SEA, known as Systems Engineering & Assessment, is based near Frome in Somerset, with satellite offices in Bristol, Aberdeen and Barnstaple. Formed in 1988 and now part of the Cohort plc group of independent technology companies, it has about 300 employees and provides engineering and software design to government agencies, industrial prime contractors and academia. Its main areas of business are electronic systems for maritime, transport, oil and gas, naval combat systems, dismounted soldier operations, traffic enforcement and subsea engineering.
In its training and simulation for maritime, one of the business’s main areas of focus is DECKsim, a high fidelity synthetic environment developed in-house by SEA using its proprietary immersive procedure training infrastructure that allows the training of flight deck officers.
“It’s about learning all about the ins and outs of becoming a flight deck officer and also practising without live aircraft,” explains Webb.
“It covers everything from basic training serials, from launch and recovery all the way through to the more complicated training such as underslung loads, fires, emergency training, on and off lashings, winching – anything that a flight deck officer might need to know and understand to become a flight deck officer.”
In a fixed installation the student stands in front of a six-metre-wide screen with the instructor sitting behind them running the simulation. The student directs the on-screen helicopter using the appropriate gestures, to which the helicopter responds.
The system uses gesture recognition so students can wave their marshalling wands, which allows the instructor to be hands-free, flying the helicopter as the student is guiding the helicopter using marshalling gestures.
The system’s gesture recognition library currently contains more than 60 gestures and that grows as new ones are introduced.
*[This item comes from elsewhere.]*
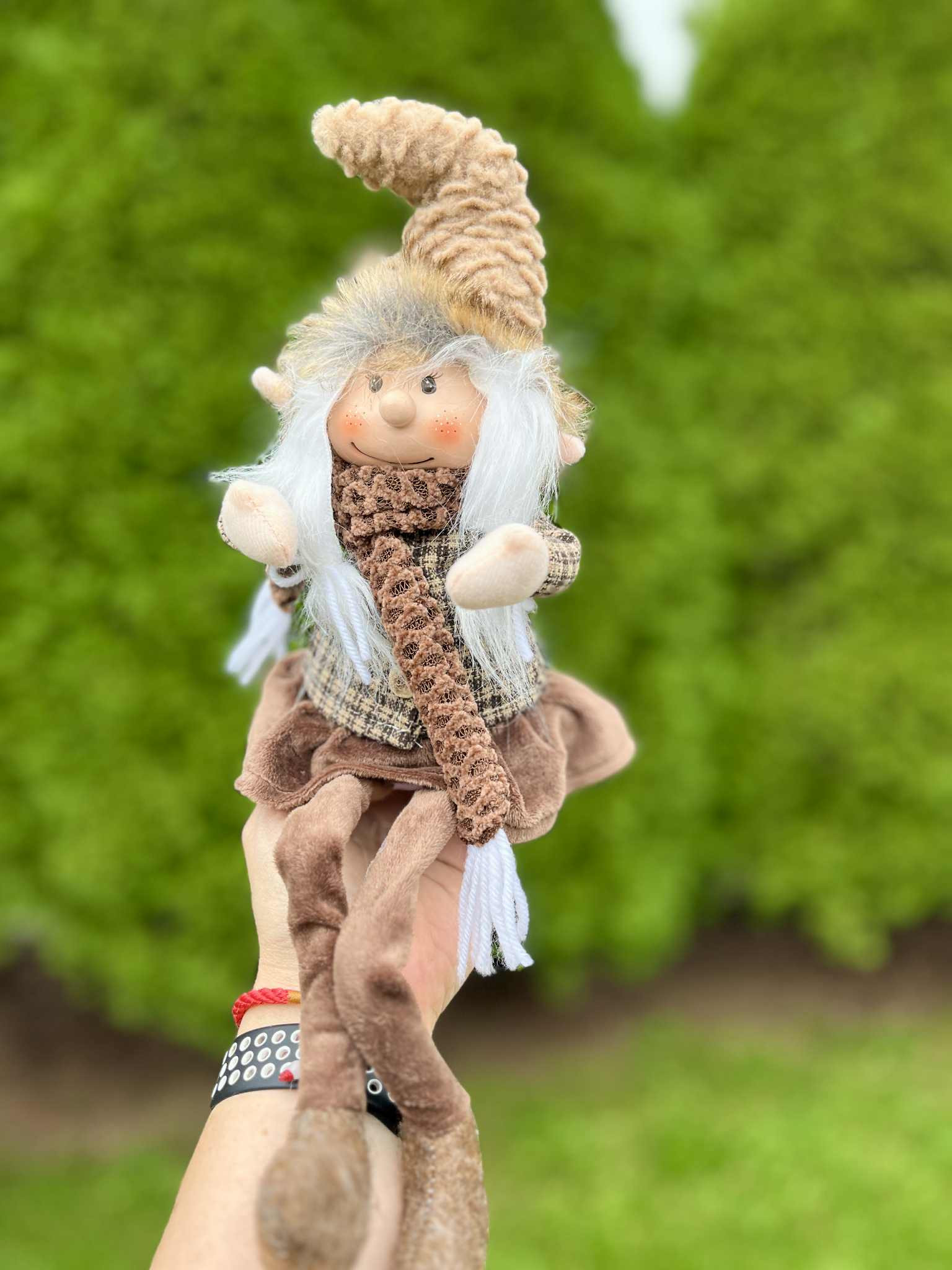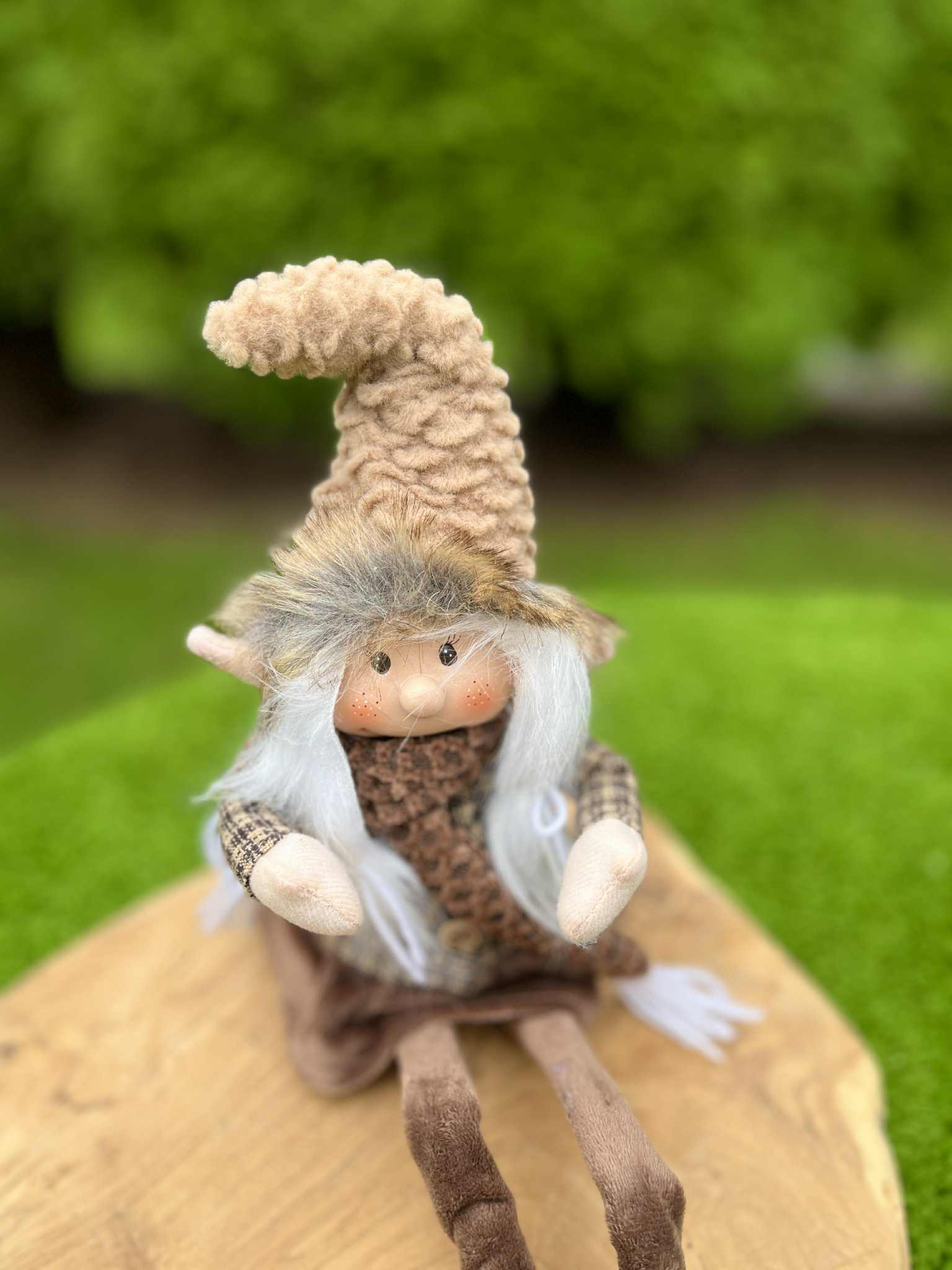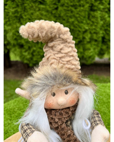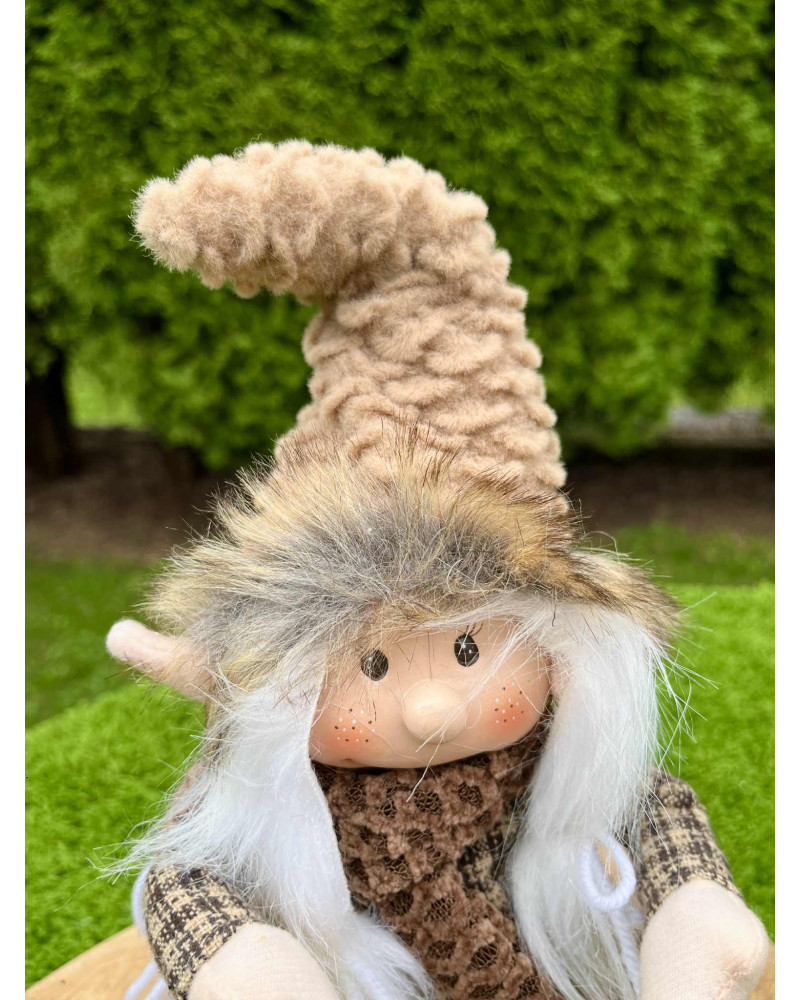 Nádherný čokoládovo hnedý škriatok s visiacimi nohami, v ktorých je drôt, teda sa dajú ohnúť a upraviť podľa potreby. Škriatok má keramickú hlavičku.

Each training serial has a start point and an end point, but this is flexible.
Webb says: “A launch serial would be that the helicopter is on the deck and the ending condition is that it’s in the air. We can then write another serial block, for example lashings off – which will also have a start point of lashings being on and end of lashings not being on. If you bolt those two together, you have a training scenario of lashings off and then a launch. You don’t have to stop the simulation for that.”
The system’s development has borrowed heavily from computer gaming technology.
“Obviously the integration with gesture recognition was a big enhancement and the use of graphics cards and their power means that we can be at the cutting edge of the latest graphics on the screen,” says Webb.
“There’s nothing bespoke, it’s all COTs [commercial off the shelf] gaming components, hardware you can buy from a local PC store – it’s just high-powered gaming hardware.”
He adds: “We use a gaming engine called OGRE3D and we then customise this for the customer, adding an extra level of realism for the student.”
Physically based rendering – the automatic process of generating a photorealistic or non-photorealistic image from a 2D or 3D model – has added a level of realism for the students that they have come to expect from playing video games.
Webb explains that, apart from ASIST, extra functionality is always being added to DECKsim.
“It has a ship’s helicopter operating limit simulator within it so those operating limits can be emulated as a training aid for the student. It can emulate the ship’s equipment on a touch screen so the student can walk up to it and press the button and it’s hooked up to the visualisation – the likes of deck lighting and deck nets – so they flick a switch on the touch screen and on the visualisation they will see their resulting action.”
DECKsim can be delivered as a fixed system, as delivered to the Royal Navy and the Royal Norwegian Navy, or in a portable version which goes in a flight-ready suitcase with two gaming laptops and a virtual reality headset.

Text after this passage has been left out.